The respective substrates and member are attached to each other by, for example, an adhesive such as a hot-melt paste and a UV curable paste, or an adhesive tape. In this case, the spacer member 104 may be configured directly using the adhesive or the adhesive tape. That is, the spacer member 104 in the present application includes the adhesive or the adhesive tape. Alternatively, the respective substrates and member may be attached to each other by an ultrasonic welding method.

The base substrate 102 has a flat plate shape and has a first main surface 102a and a second main surface 102b opposite to the first main surface 102a. The spacer member 104 is stacked on the first main surface 102a.

The spacer member 104 is a planar member having a predetermined thickness d in a stacking direction (a Z-axis direction in FIG. 25) of the base substrate 102, the spacer member 104, and the cover substrate 106. In addition, the spacer member 104 has a slit 104a extending in a plane direction (XY directions in FIG. 25) of the spacer member 104. The slit 104a passes through the spacer member 104 in a direction of the thickness d. That is, the spacer member 104 has a shape in which a part of the flat plate is cut out by the slit 104a.

The cover substrate 106 has a flat plate shape and has a first main surface 106a and a second main surface 106b which is opposite to the first main surface 106a. The cover substrate 106 is stacked on the spacer member 104 such that the second main surface 106b faces the spacer member 104 side. The cover substrate 106 is provided with a first exhaust hole 20, a second liquid supply port 22, a second exhaust hole 26, and the like.

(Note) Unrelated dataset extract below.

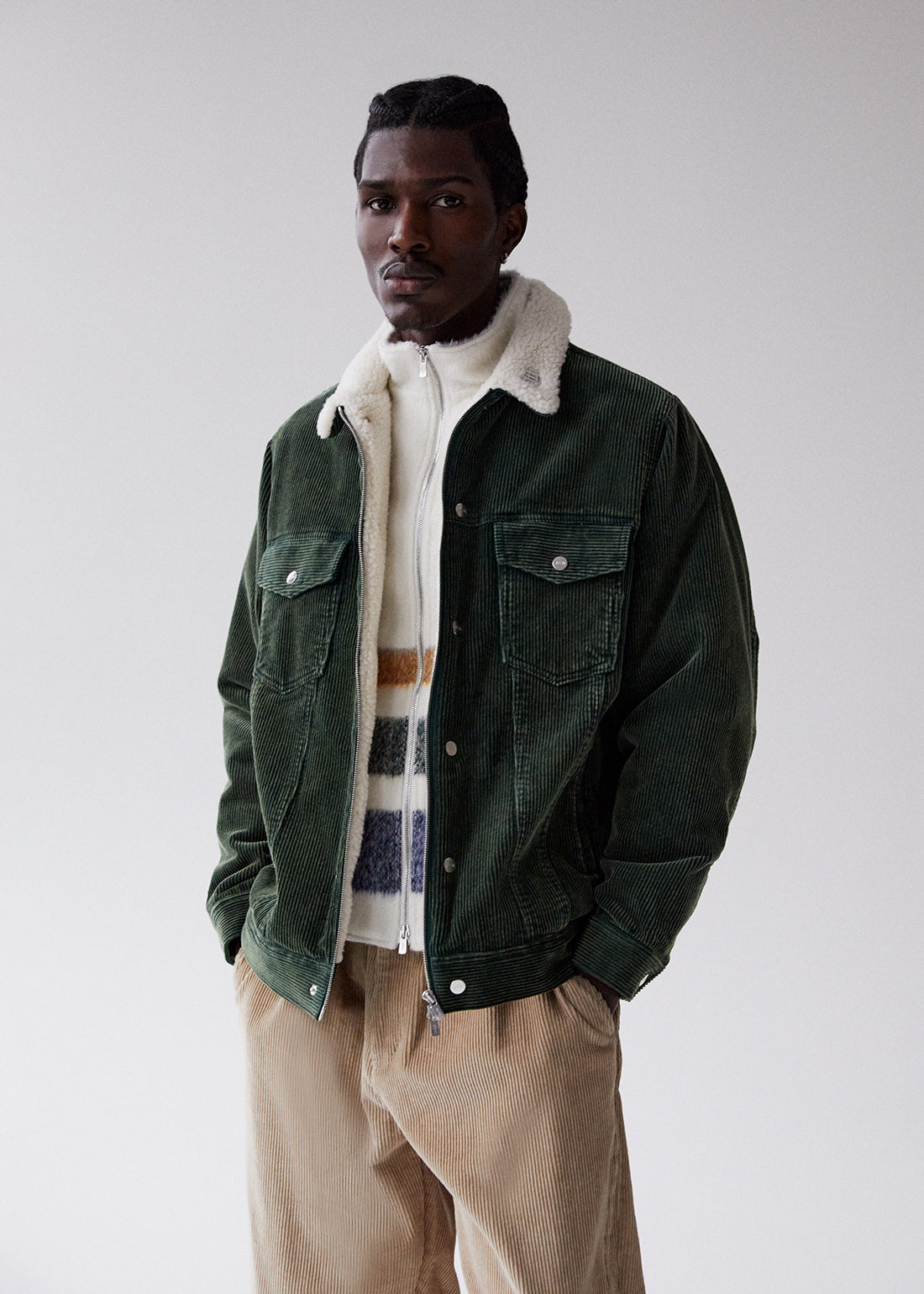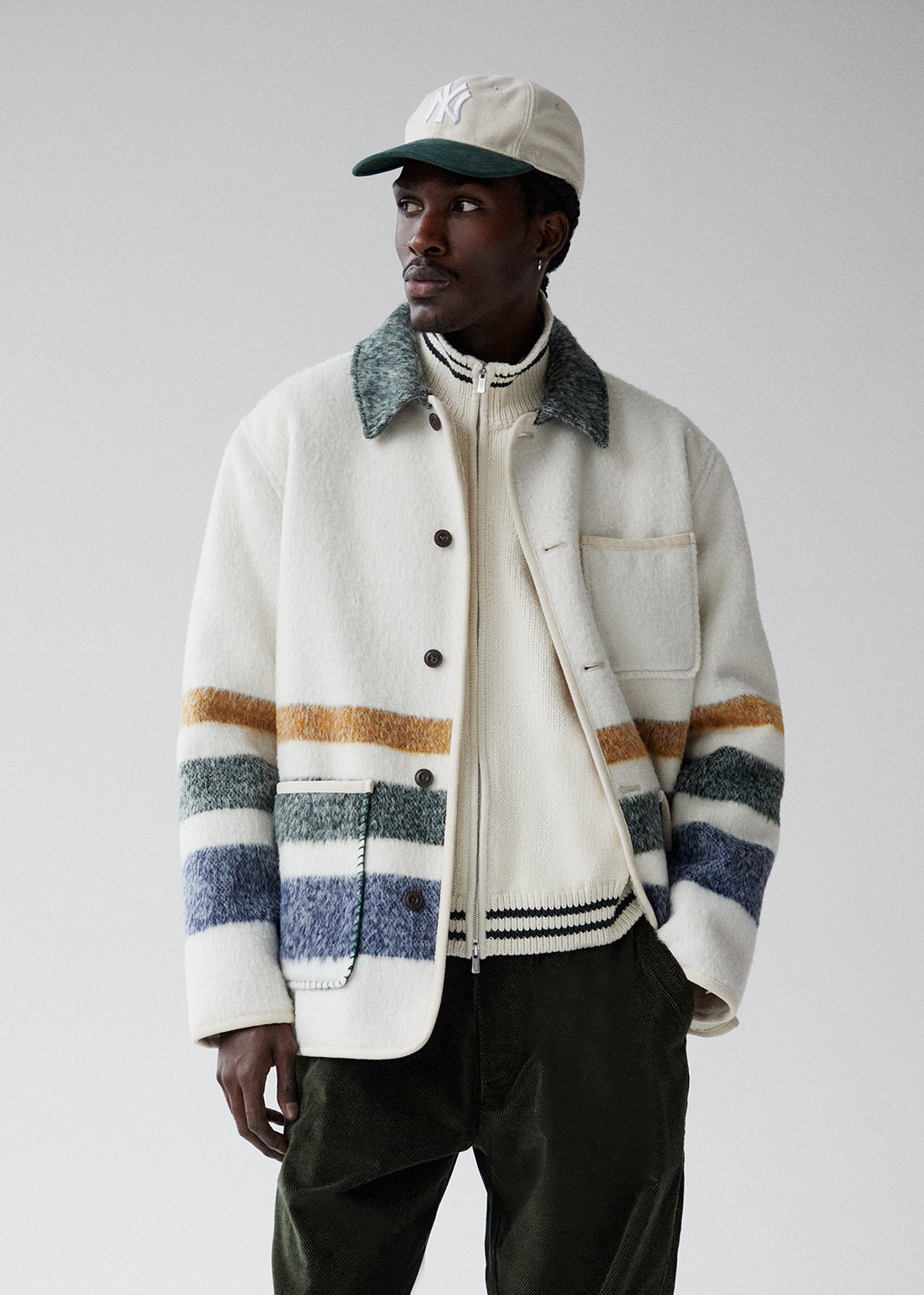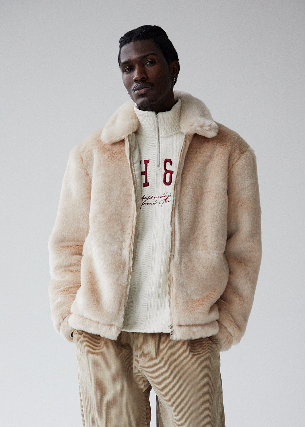 Explore signature styles in heavyweight, premium fabrications—from our Hawthorne Flight Jacket & Nylon Coat, executed in Italian Herringbone wool, to our Lloyd Track Jacket crafted from custom jacquard faux fur.

In the substrate 100, a first chamber 10 is provided. The first chamber 10 is formed by the first main surface 102a of the base substrate 102, the second main surface 106b of the cover substrate 106, and the slit 104a. That is, the first main surface 102a of the base substrate 102 defines a lower surface of the first chamber 10. A wall surface of the slit 104a of the spacer member 104 defines a side surface of the first chamber 10. The second main surface 106b of the cover substrate 106 defines an upper surface of the first chamber 10. Therefore, the first chamber 10 is a space defined by the base substrate 102, the spacer member 104, and the cover substrate 106.

FIGS. 26 and 27A, 27B and 27C are plan views schematically illustrating an internal structure of the sensor 1 according to the ninth embodiment when viewed from a cover substrate 106 side. For convenience of description, a first exhaust hole 20, a second liquid supply port 22, and a second exhaust hole 26 provided in the cover substrate 106 are also illustrated in FIGS. 26 and 27A, 27B and 27C.

The first chamber 10 is arranged inside the substrate 100. The first chamber 10 includes a first part 12, a second part 14, and an intersection part 416 between the first part 12 and the second part 14. The first part 12 is a hatched region in FIG. 27A. The second part 14 is a hatched region in FIG. 27B. The intersection part 416 is a hatched region in FIG. 27C. The first part 12 and the second part 14 are linear and flat spaces, and cross each other to form the intersection part 416. Therefore, the intersection part 416 is included in both the first part 12 and the second part 14. In the present embodiment, the first part 12 and the second part 14 are orthogonal to each other.

In addition, the sensor 1 includes the first liquid supply port 18, the first exhaust hole 20, the second liquid supply port 22, an analyte trap 24, and the second exhaust hole 26. The first liquid supply port 18 is a through-hole that communicates between the first chamber 10 and an outside of the substrate 100. More specifically, the first liquid supply port 18 communicates between the first part 12 of the first chamber 10 and the outside of the substrate 100. In the present embodiment, the slit 104a extends to an outer surface (a side surface connecting the two main surfaces) of the spacer member 104, thereby forming the first liquid supply port 18. A first liquid containing an analyte is spotted to the first liquid supply port 18. As a result, the first liquid flows from the outside of the substrate 100 to the first chamber 10 via the first liquid supply port 18.

The first exhaust hole 20 is a through-hole that communicates between the first chamber 10 and the outside of the substrate 100. More specifically, the first exhaust hole 20 communicates between the first part 12 and the outside of the substrate 100. In the present embodiment, the first exhaust hole 20 is configured using the through-hole extending from the first main surface 106a to the second main surface 106b of the cover substrate 106. A gas in the first chamber 10 can flow to the outside of the substrate 100 via the first exhaust hole 20.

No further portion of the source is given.